Tract tracing is a highly accurate procedure for identifying animal brain connectivity. However, the technique is labor intensive and requires the sacrifice of animal subjects. In our work, we describe a computational method that is able to predict the presence or absence of unobserved connections, without having to probe these connections physically. The model works by learning for each of the nodes in the connectome its position in a latent space. Nodes that are connected according to the available data are placed close to one another, while disconnected nodes are positioned far apart. Unobserved connections may now be inferred by looking at the corresponding distance in the latent space. We apply the procedure to two data sets of the macaque brain and show that the latent space model is able to predict the strength of unknown connections. Furthermore, we use the model to integrate anterograde and retrograde data for the mouse connectome. Because the model is probabilistic, it allows us to quantify how certain we are about our predictions. This enables future research to determine which connections can confidently predicted, and which connections require further data acquisition.

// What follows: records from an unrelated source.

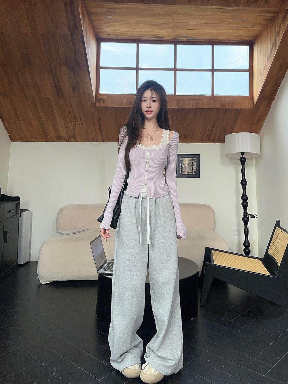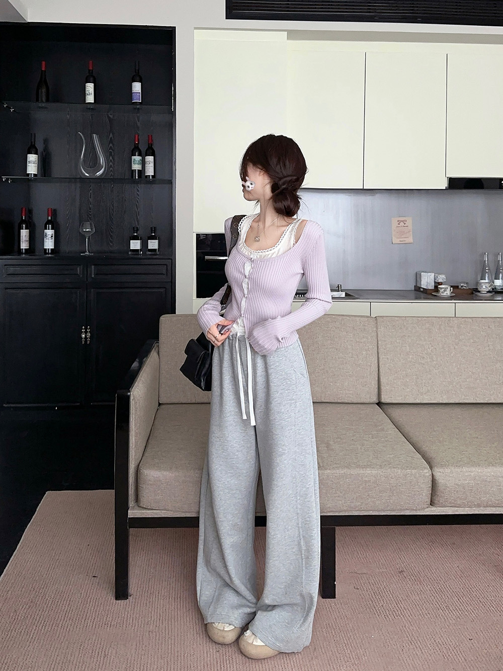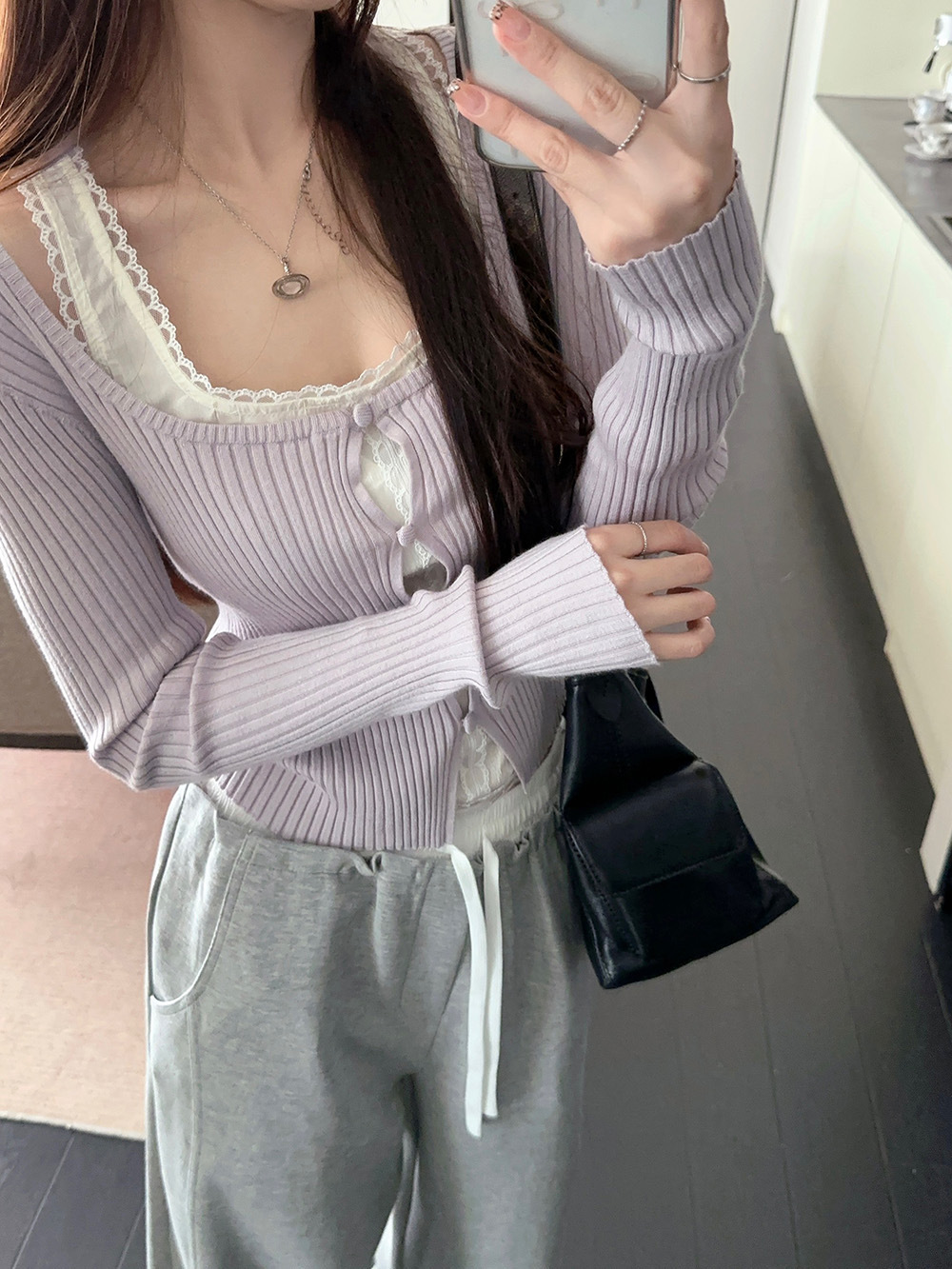 한국 스타일 가짜 두 조각 보라색 니트베이스 셔츠 여성의 봄 세련된 달콤한 스파이스 소녀 레이스 내부 쇼트 탑
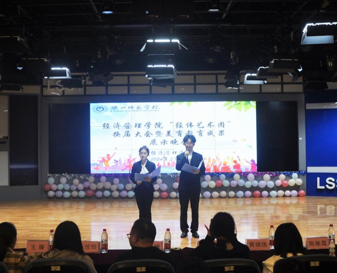 本网讯(文/杨思语、罗代丽 图/罗晓语、周欣怡)为进一步落实各级教育主管部门和学校对于加强大学生美育教育的相关要求,同时也是为了深化学院经纬艺术团品牌建设力度和检验学院艺术团训练成果。3月15日晚,经济管理学院于旷怡楼举办“经纬艺术团”换届大会暨美育教育成果展示晚会。经济管理学院分团委书记王东健、学院团学组织主要学生干部、艺术团主要负责人及现场300余名学生参加了本次大会。
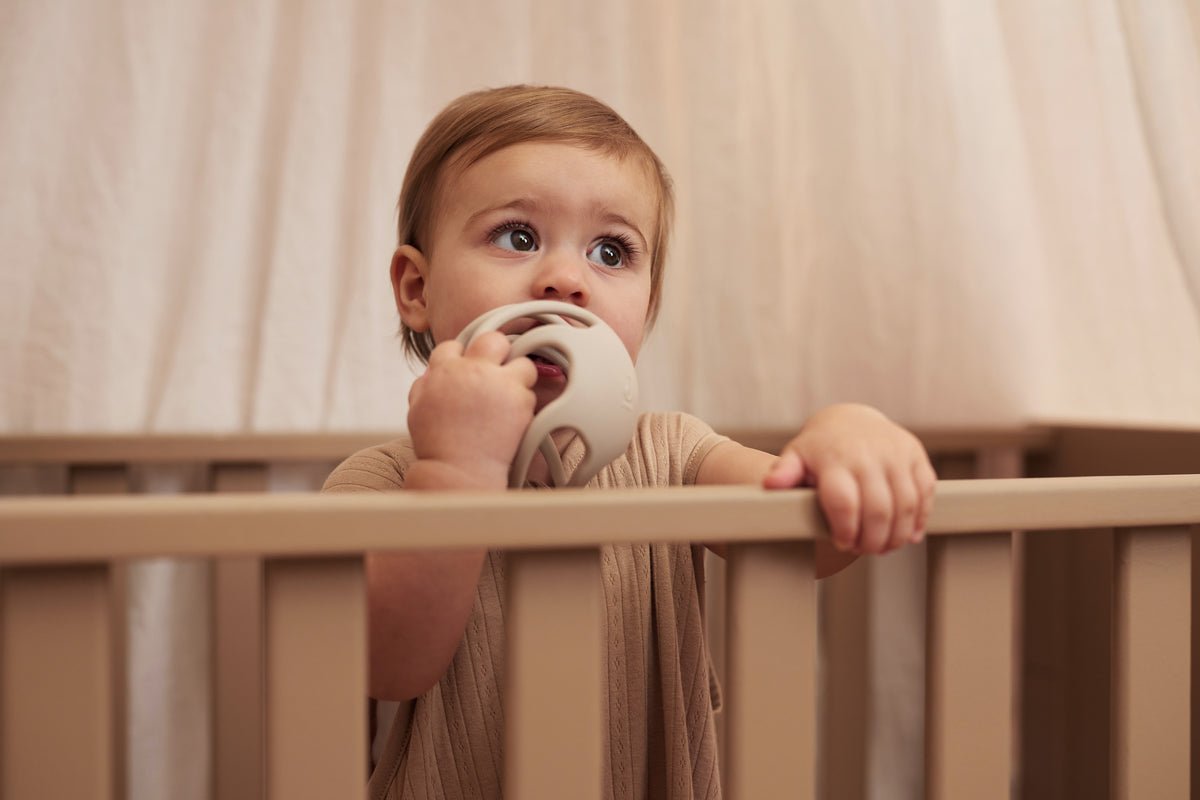 Cette balle amusante en silicone est disponible dans des couleurs neutres biscuit en nougat. Laquelle est votre préférée ?
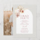 Eleve a celebração da sua formatura com nossos convites de festa de formatura modernos, apresentando uma deslumbrante moldura botânica arqueada na frente, perfeita para exibir sua foto favorita e adicionar um toque pessoal à ocasião. Adornados com flores boho nas cores cativantes de pêssego, rosa poeirento e terracota, esses convites exalam uma elegância encantadora com seus belos desenhos botânicos em aquarela e tipografia. No verso, você encontrará espaço para uma foto querida. Prepare-se para compartilhar sua alegria e conquista de uma maneira que seja elegante e memorável!
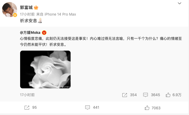 26日晚间9点,死者好友方媛曾发文悼念蔡天凤:“心情极度悲痛,此刻仍无法接受这是事实!内心难过得无法言喻,只有一千个为什么?痛心的情绪至今仍然未能平伏!祈求安息”。随后,好友丈夫香港四大天王之一的郭富城也转发了悼念微博:“祈求安息”!
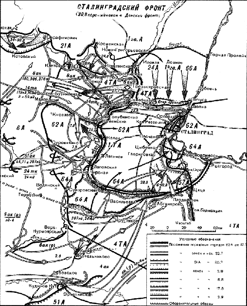 В маневренный период операции были достаточно результативно использованы формировавшиеся на ходу 1 -я и 4-я танковые армии. В ходе позиционных боев решение поставленной задачи шло по двум направлениям. Во-первых, был принят ряд мер по обеспечению 62-й армии пополнениями, боеприпасами и продовольствием. Во-вторых (и это в значительной степени определило успех оборонительной операции в целом), был организован нажим на стоящую у стен Сталинграда группировку противника с севера. В целом можно сказать, что Сталинградская оборонительная операция — это один из примеров удержания почти полностью изолированного гарнизона внешним воздействием на осаждающего. Первый пример — это Ленинград за весь период блокады (многочисленные наступления Волховского фронта), второй — начальная фаза борьбы за Севастополь в декабре 1941 г. — мае 1942 г. (высадка десанта и борьба на Керченском полуострове) и третий — 62-я армия в боях за Сталинград в конце августа — начале ноября 1942 г. (действия Сталинградского и Донского фронтов). Нажим на северный фланг армии Паулюса был настолько плотным, что штурмовала СТЗ в октябре 1942 г. 14-я танковая дивизия, а не 16-я танковая дивизия, вышедшая к его стенам еще 23 августа.
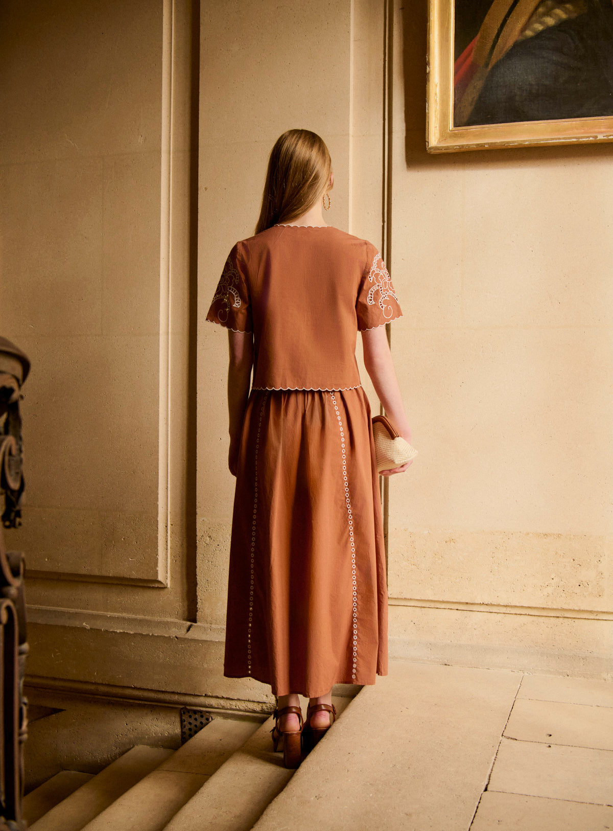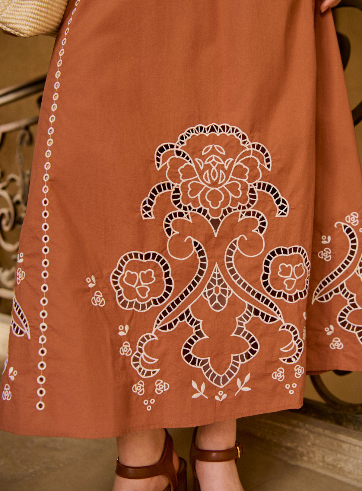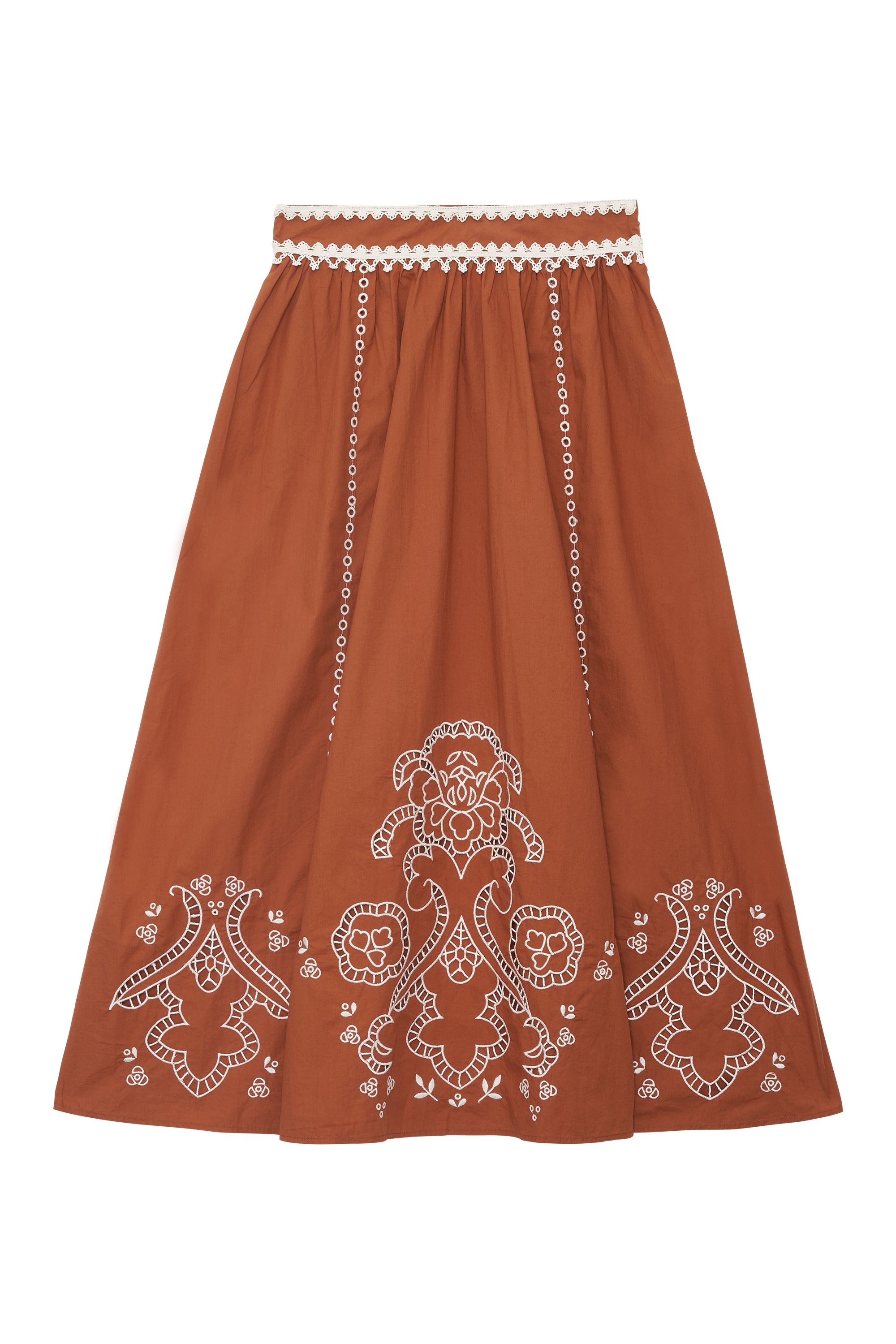 Jupe longue ajourée orange avec détails broderie blanche

Recent years have seen a surge in research effort devoted to obtaining the human connectome, a map of all the connections in the human brain at the level of macroscopic brain regions [1, 2]. Technological advances, in particular diffusion-weighted MRI (dMRI), have enabled bundles of white-matter fibers to be identified in vivo in unprecedented detail. However, dMRI suffers from a number of drawbacks [35]. For instance, it is an indirect measuring technique [6]: Rather than directly observing axons or large fiber bundles, these must be inferred from the diffuse movement of water molecules, using a process called tractography. In practice, the problem tractography tries to solve may be underspecified, as a single voxel may contain fibers that cross, ‘kiss’, merge or split [7]. As a result, it may be unclear which path the estimated fibers follow. Further problems arise when interpreting the output of (probabilistic) tractography. The number of streamlines (i.e. candidate fiber trajectories) that connect two regions of interest is often used synonymously with fiber count, yet the actual number of streamlines between two regions is an intricate function of the actual fiber count and several parameters of the dMRI acquisition and tractography procedure [3, 8]. In all, despite dMRI having greatly advanced the field of connectomics by being applicable in living human subjects, it is far from the be-all end-all solution to finding gross anatomical connectivity.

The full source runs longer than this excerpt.